産官学連携に不可欠な人材を育成 地域プロジェクトマネージャー養成課程

社会構想大学院大学の「地域プロジェクトマネージャー養成課程」は、地域活性化などのプロジェクトを計画・運営する際に様々な利害関係者の架け橋となり、プロジェクト全体をマネジメントできる「ブリッジ人材」の育成を目的に、最新の知識やノウハウを提供している。

日本の地域社会は、急速な人口減少・人口流出などに伴い多くの課題を抱えている。現代社会で地域の特性や強みを十分に生かした活性化策の実現には、企業や大学など各種団体、地域住民、外部の専門人材をはじめとした様々な主体を巻き込む産官学連携によるプロジェクトの遂行が不可欠だ。

一方、行政と民間の違いなど産官学連携のプロジェクトに関わる組織や人々の様々な差異を理解し、各主体をつなぎ、価値を最大化できる人材は不足している。

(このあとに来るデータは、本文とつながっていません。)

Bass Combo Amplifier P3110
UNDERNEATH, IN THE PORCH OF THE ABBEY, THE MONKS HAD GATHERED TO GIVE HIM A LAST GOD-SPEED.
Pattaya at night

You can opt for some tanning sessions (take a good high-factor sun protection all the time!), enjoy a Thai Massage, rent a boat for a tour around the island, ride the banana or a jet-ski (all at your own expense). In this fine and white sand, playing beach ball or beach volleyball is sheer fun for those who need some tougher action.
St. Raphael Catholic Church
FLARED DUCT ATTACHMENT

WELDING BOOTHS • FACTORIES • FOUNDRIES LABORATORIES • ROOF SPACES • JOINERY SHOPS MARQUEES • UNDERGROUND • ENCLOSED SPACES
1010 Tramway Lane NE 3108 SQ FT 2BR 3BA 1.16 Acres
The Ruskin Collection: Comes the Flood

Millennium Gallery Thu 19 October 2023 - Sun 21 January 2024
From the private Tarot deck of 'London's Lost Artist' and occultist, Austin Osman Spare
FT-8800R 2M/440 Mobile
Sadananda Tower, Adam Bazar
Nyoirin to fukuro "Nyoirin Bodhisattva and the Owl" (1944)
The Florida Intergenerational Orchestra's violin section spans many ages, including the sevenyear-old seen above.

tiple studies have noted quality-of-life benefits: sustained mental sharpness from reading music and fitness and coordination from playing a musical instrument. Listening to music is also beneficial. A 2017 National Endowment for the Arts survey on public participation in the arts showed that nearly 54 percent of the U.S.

政府は地方自治体の都市部人材・専門人材任用の支援を展開。2021年度から地域活性化プロジェクトの推進を担う「地域プロジェクトマネージャー」の全国的拡充に向けた施策を打ち出している。

社会構想大学院大学の「地域プロジェクトマネージャー養成課程」(以下「本課程」)は地方自治体の現役職員や経験者、地域活性化や産官学連携を実践する専門家が、地方自治体の仕組みや考え方、地域活性化や産官学連携の方法や事例などについて、最新の知識やノウハウを提供。また、地方自治体に政策提言を行う機会を設けるなど地域活性化に取り組みたい人材に必要な理論と技術を提供している。

自治体の首長や担当者を招き
地域の課題に政策提言を実践

2025年3月17日には、静岡県富士市をフィールドとした第7期生による最終発表会が開催された。富士市からは小長井義正市長をはじめ4名の職員が来校し、研究員の政策提言に真剣に耳を傾けた。

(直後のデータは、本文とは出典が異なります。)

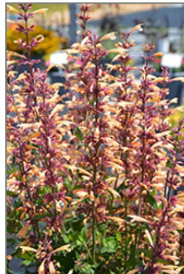
Meant To Bee Queen Nectarine Anise Hyssop flowers

Meant To Bee Queen Nectarine Anise Hyssop is an open herbaceous perennial with an upright spreading habit of growth. Its relatively fine texture sets it apart from other garden plants with less refined foliage.
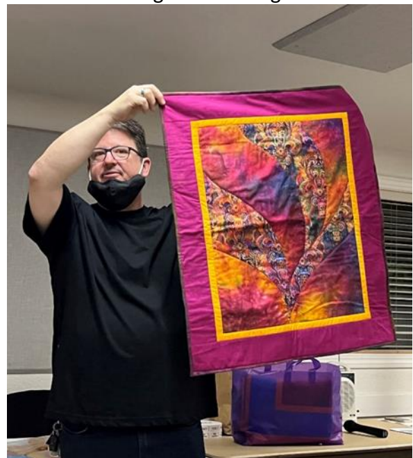
John Egbert Convergence
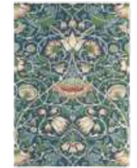
Lodden 27808 Indigo / Mineral
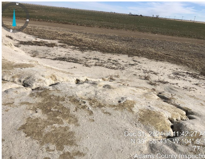
Photo # 15 Erosion/fishers south east side of pit facing east & away from pit.
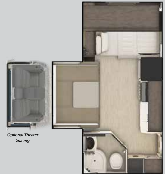
Optional Theater Seating
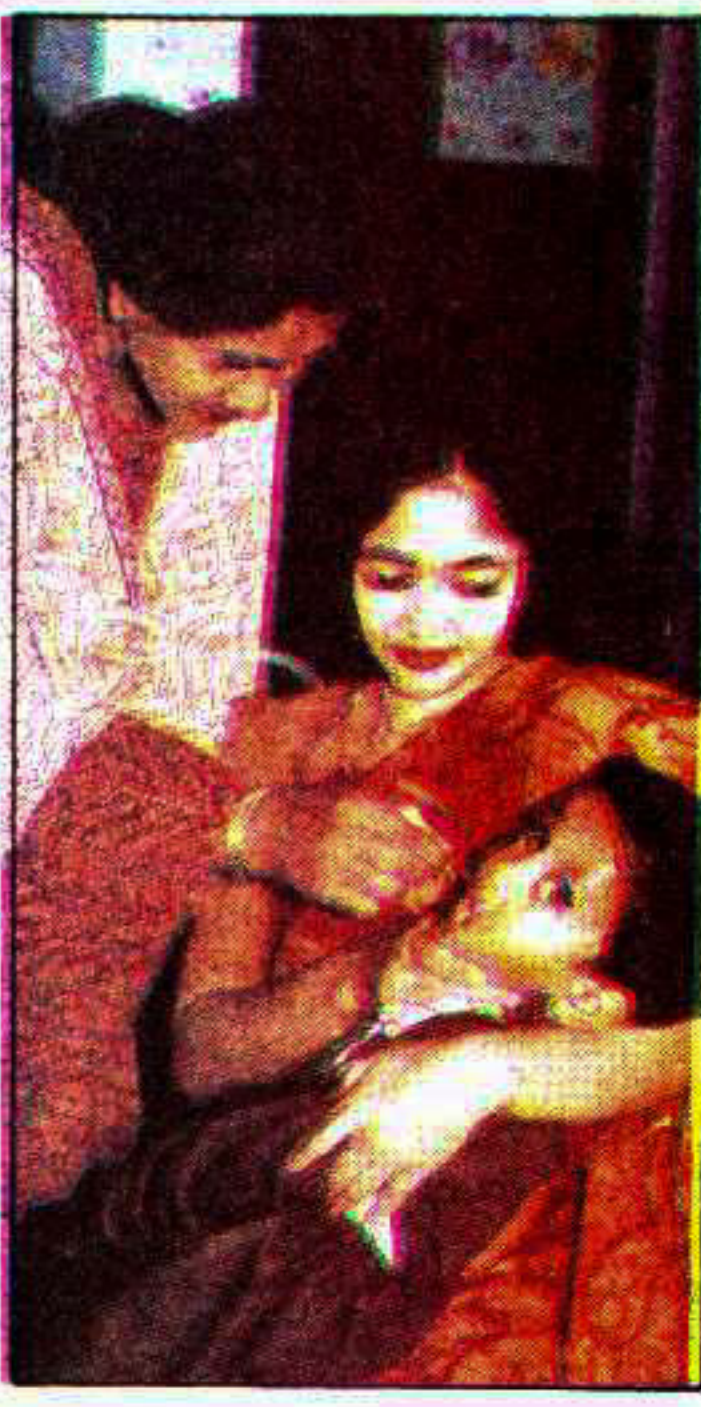
A health worker administers polio vaccine to a child in the city on the second phase of the 5th National Immunisation Day yesterday.

Investors as well. The prime minister said: 'While we seek investment from developed nations, we should ensure that surplus funds from member states of SAARC should flow into other member countries.'

富士市からは人口流出抑制のためのシビックプライド向上や移住定住施策、富士山を活かした誘客の推進と観光資源の活用などの課題が示された。研究員はインターナショナルスクールの富士市への招致、滞在型サイクルツーリズム活性化プロジェクトなど、同市の地の利や富士山の麓に位置する観光資源を活かした提案が目立ち、小長井市長からは「すぐにでも実装したい提案が多かった」といった評価を受けた。職員からも「研究員の中から実際に富士市に貢献してほしい」といった声が寄せられた。

翌18日は、和歌山県紀美野町をフィールドに全国から集まった研究員が地域の課題解決や魅力発信に向けた政策提言を行った。

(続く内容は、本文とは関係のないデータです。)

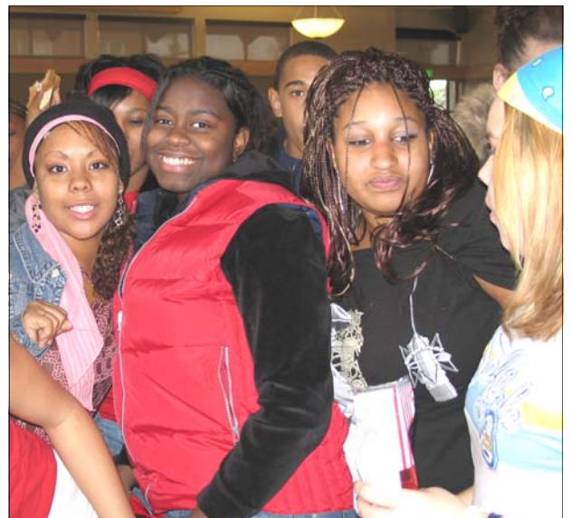
The third annual Get Connected Career Day on Nov. 22 brought nearly 300 youth of color to campus from Spokane-area schools. Participants learned how to prepare for college and a career. "It's pretty exciting to me," one student said.

The McCarthy Center concourse came in for particular praise from judges. The expansive windows provide "wonderful visual connections with the campus," wrote one judge. Other judges praised the scale of the entry, the degree to which the McCarthy Center relates to surrounding buildings, and the intimacy provided by the sharply raked seating. The awards were presented on Nov. 16 in Las Vegas.
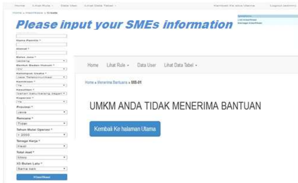
Fig. 3: The interface of decision support system for Indonesian telematics services SMEs
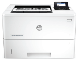
HP LaserJet Enterprise M506n

Finish key tasks faster with a printer that starts right away and helps conserve energy. 1 Multi-level device security helps protect from threats. Original HP Toner cartridges with JetIntelligence and this printer produce more high-quality pages. 2
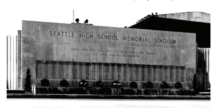
Memorial Stadium opened in 1947, Memorial Wall was dedicated in 1951

More than 50 years after its founding as a city department, Seattle Center is still the heart of the city. Through all these years it has remained agile – evolving and adapting as our community has grown and changed. Experiences at Seattle Center continue to touch us individually, knit us together as a community, and help us share our collective humanity. Like New York's Central Park or Millennium Park in Chicago, Seattle Center could become an iconic part of our city's identity.
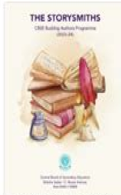
Budding Authors English (Second Edition)
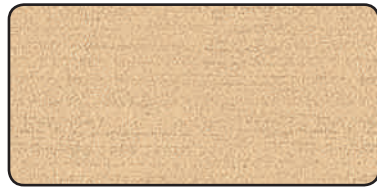
Sandy Beige ●●

Hi-Tech's range of colours allows you to compliment or contrast with your surroundings, to create stunning looks limited only by your imagination.

紀美野町からの課題は2040年の目標人口を達成するための施策提案。研究員からは地域と人を結ぶ多機能施設、子育て訪問支援員制度など多様な解決策が提示された。特に、中高生への探究教育、学びの居場所づくりなど教育関係の提言が目立った。小川裕康町長や職員からは「具体性が高く、すぐに実装が見込める施策も多かった」といった評価が寄せられた。発表後の交流会では活発な意見が交わされ、提言の一部は既存事業との連携も視野に検討され始めている。

本連載は、本課程の研究員に焦点を当て、学びの目的、本課程で得た学び、キャリア形成や修了後の実践などを紹介していきたい。

本課程の日程等:約4か月間、1週あたり90分の授業を2コマ行う(授業は原則火曜日。授業時間は18:30~21:30)。授業は対面またはオンライン(政策提言の中間発表、最終発表含めて完全オンラインの参加も可能)。講習料は350,000円(非課税)。ただし、教育訓練給付金制度の利用で修了者は費用の40%を雇用保険から受給できる。